**ABOUT THIS EXERCISE**
Look in the listing below for the line that has "直播吧3月8日訊 在本輪美職", then return it and each following line up to and including the one with "Mijas, 9 de", exactly and without pictures.

**INPUT RECORDS**
:::

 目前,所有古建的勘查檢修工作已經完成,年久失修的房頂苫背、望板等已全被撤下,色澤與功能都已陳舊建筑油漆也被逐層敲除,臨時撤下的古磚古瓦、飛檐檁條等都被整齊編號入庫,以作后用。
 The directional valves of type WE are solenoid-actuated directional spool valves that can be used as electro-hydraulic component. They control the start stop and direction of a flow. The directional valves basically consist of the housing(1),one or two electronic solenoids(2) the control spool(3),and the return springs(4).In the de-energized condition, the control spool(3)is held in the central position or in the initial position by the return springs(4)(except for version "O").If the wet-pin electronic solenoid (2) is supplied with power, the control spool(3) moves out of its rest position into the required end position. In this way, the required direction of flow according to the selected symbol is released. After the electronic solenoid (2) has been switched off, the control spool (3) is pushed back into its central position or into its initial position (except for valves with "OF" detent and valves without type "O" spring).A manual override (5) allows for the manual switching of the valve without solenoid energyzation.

:::

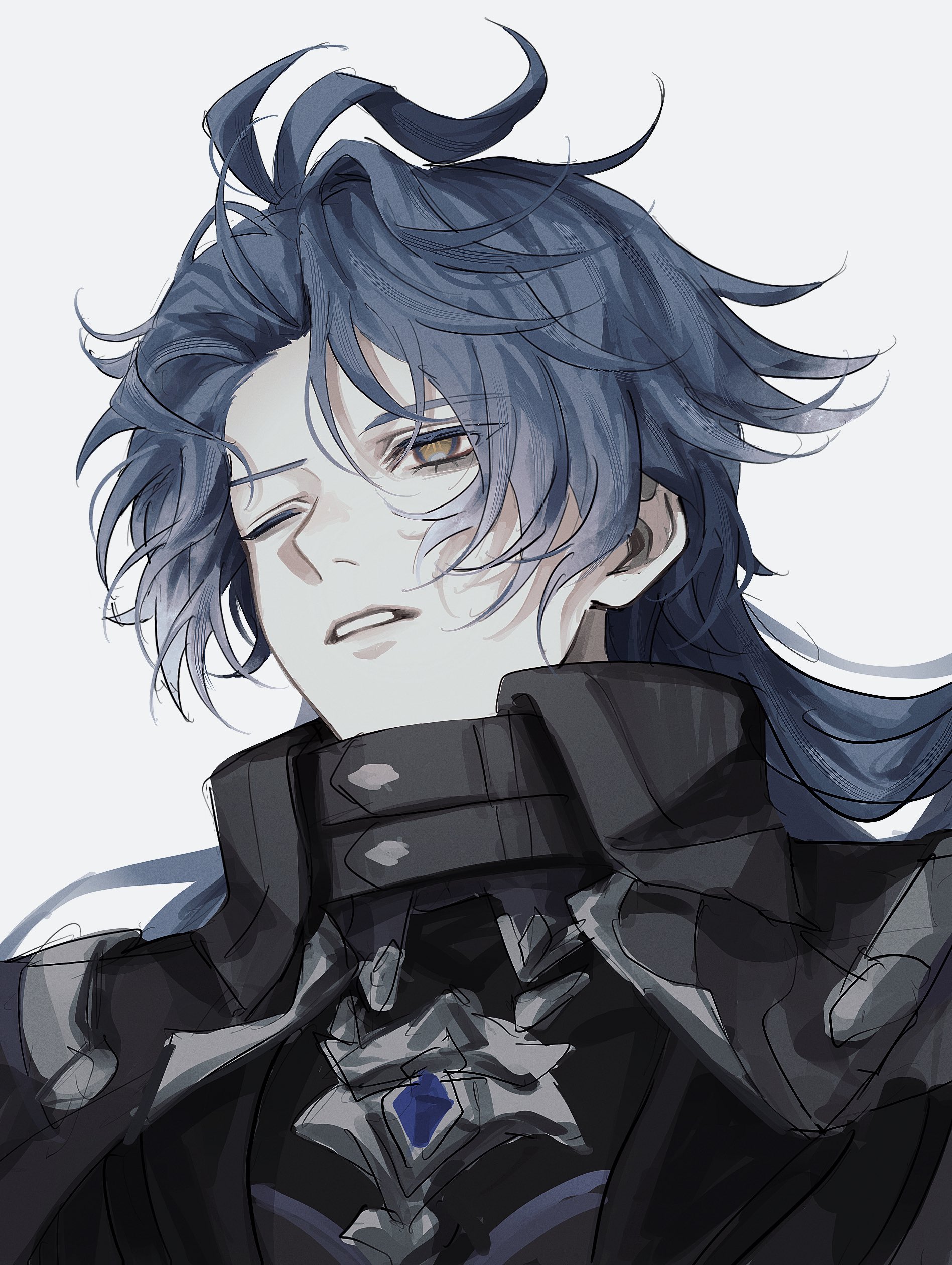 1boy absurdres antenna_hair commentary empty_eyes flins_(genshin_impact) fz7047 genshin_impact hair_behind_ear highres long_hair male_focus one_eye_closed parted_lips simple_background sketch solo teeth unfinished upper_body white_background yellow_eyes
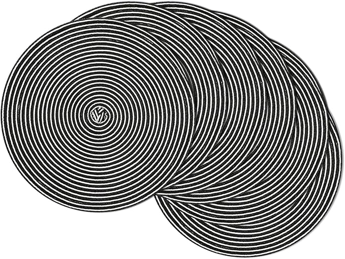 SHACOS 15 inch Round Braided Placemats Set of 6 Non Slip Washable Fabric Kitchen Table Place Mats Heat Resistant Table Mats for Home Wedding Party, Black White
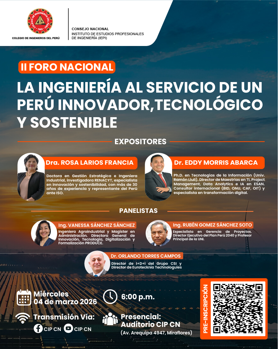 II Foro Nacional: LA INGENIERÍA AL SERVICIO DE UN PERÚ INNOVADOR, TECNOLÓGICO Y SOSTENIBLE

:::

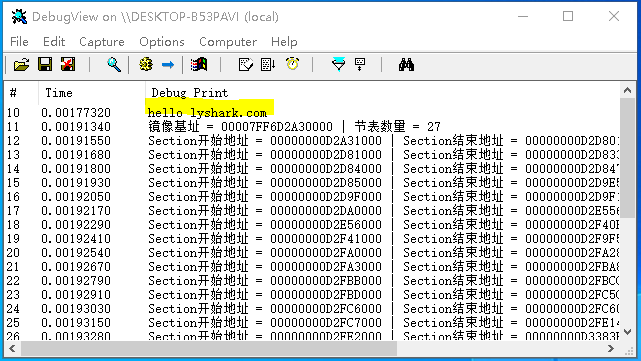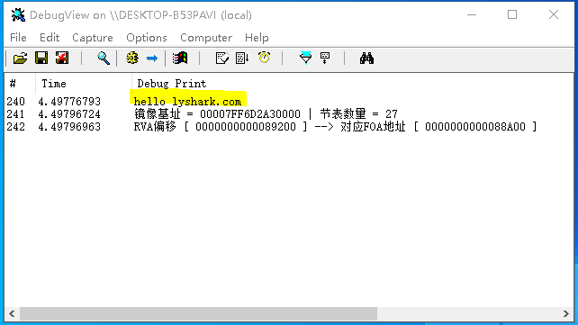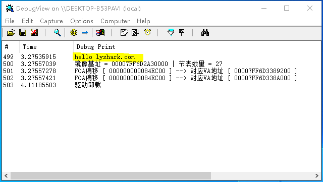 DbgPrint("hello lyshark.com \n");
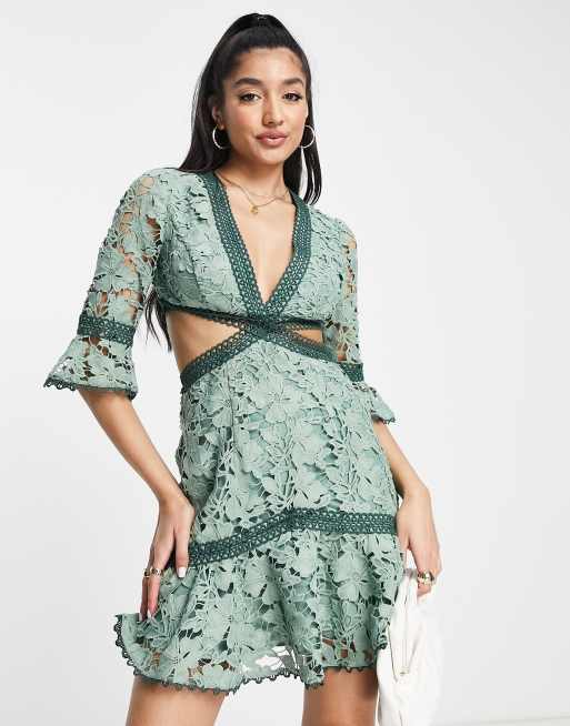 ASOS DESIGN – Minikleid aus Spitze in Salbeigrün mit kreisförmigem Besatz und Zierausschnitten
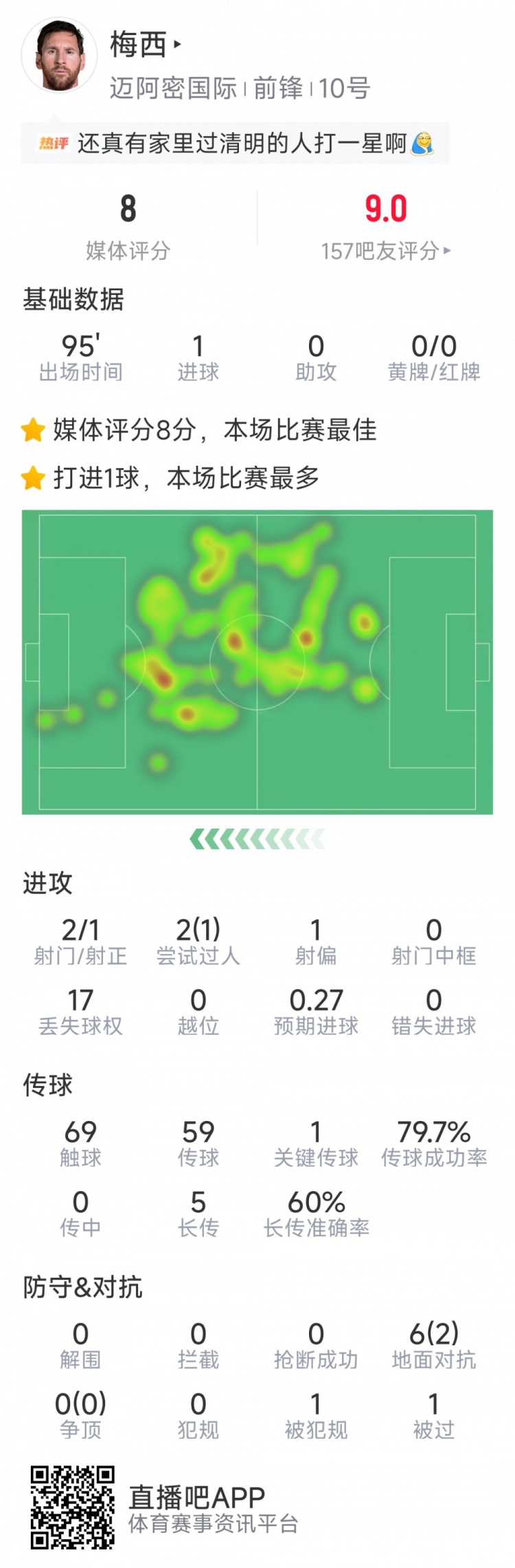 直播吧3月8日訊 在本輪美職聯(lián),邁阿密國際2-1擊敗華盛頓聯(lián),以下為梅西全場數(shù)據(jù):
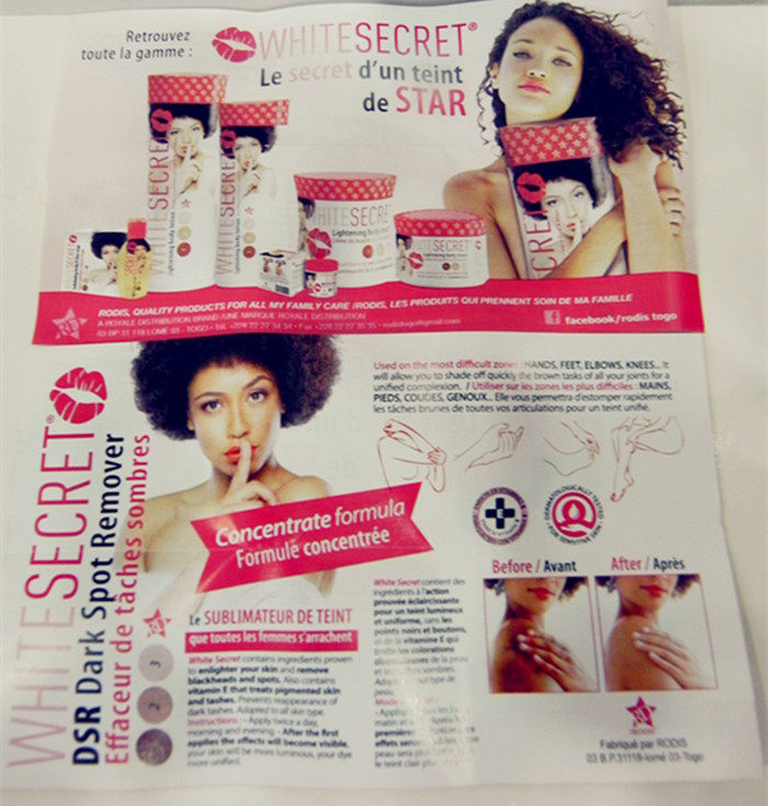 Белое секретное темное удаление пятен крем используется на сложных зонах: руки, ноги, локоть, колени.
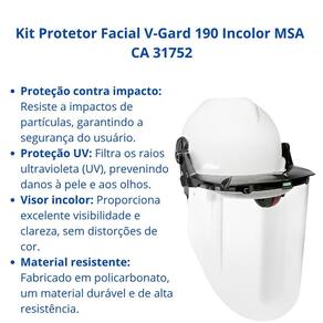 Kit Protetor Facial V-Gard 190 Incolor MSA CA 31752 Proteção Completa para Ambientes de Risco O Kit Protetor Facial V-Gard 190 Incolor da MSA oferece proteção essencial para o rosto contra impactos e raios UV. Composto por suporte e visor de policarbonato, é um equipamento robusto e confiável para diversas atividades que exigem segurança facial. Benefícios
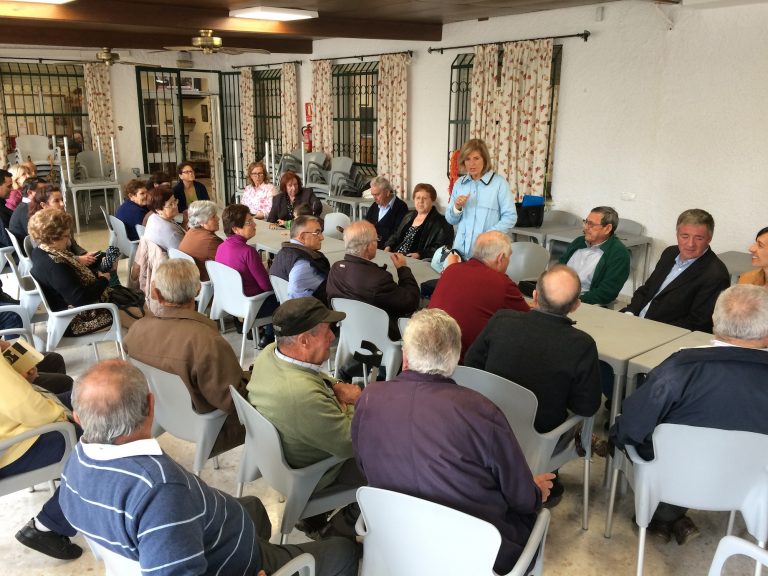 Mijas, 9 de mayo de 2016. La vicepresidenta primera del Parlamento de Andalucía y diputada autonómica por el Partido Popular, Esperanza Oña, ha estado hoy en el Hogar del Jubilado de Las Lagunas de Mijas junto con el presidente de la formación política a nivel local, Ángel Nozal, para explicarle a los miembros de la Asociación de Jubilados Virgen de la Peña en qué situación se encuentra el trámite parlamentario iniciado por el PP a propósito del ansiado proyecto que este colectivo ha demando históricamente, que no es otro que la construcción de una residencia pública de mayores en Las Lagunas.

:::

**RESPONSE TO THE TASK**
 直播吧3月8日訊 在本輪美職聯(lián),邁阿密國際2-1擊敗華盛頓聯(lián),以下為梅西全場數(shù)據(jù):
 Белое секретное темное удаление пятен крем используется на сложных зонах: руки, ноги, локоть, колени.
 Kit Protetor Facial V-Gard 190 Incolor MSA CA 31752 Proteção Completa para Ambientes de Risco O Kit Protetor Facial V-Gard 190 Incolor da MSA oferece proteção essencial para o rosto contra impactos e raios UV. Composto por suporte e visor de policarbonato, é um equipamento robusto e confiável para diversas atividades que exigem segurança facial. Benefícios
 Mijas, 9 de mayo de 2016. La vicepresidenta primera del Parlamento de Andalucía y diputada autonómica por el Partido Popular, Esperanza Oña, ha estado hoy en el Hogar del Jubilado de Las Lagunas de Mijas junto con el presidente de la formación política a nivel local, Ángel Nozal, para explicarle a los miembros de la Asociación de Jubilados Virgen de la Peña en qué situación se encuentra el trámite parlamentario iniciado por el PP a propósito del ansiado proyecto que este colectivo ha demando históricamente, que no es otro que la construcción de una residencia pública de mayores en Las Lagunas.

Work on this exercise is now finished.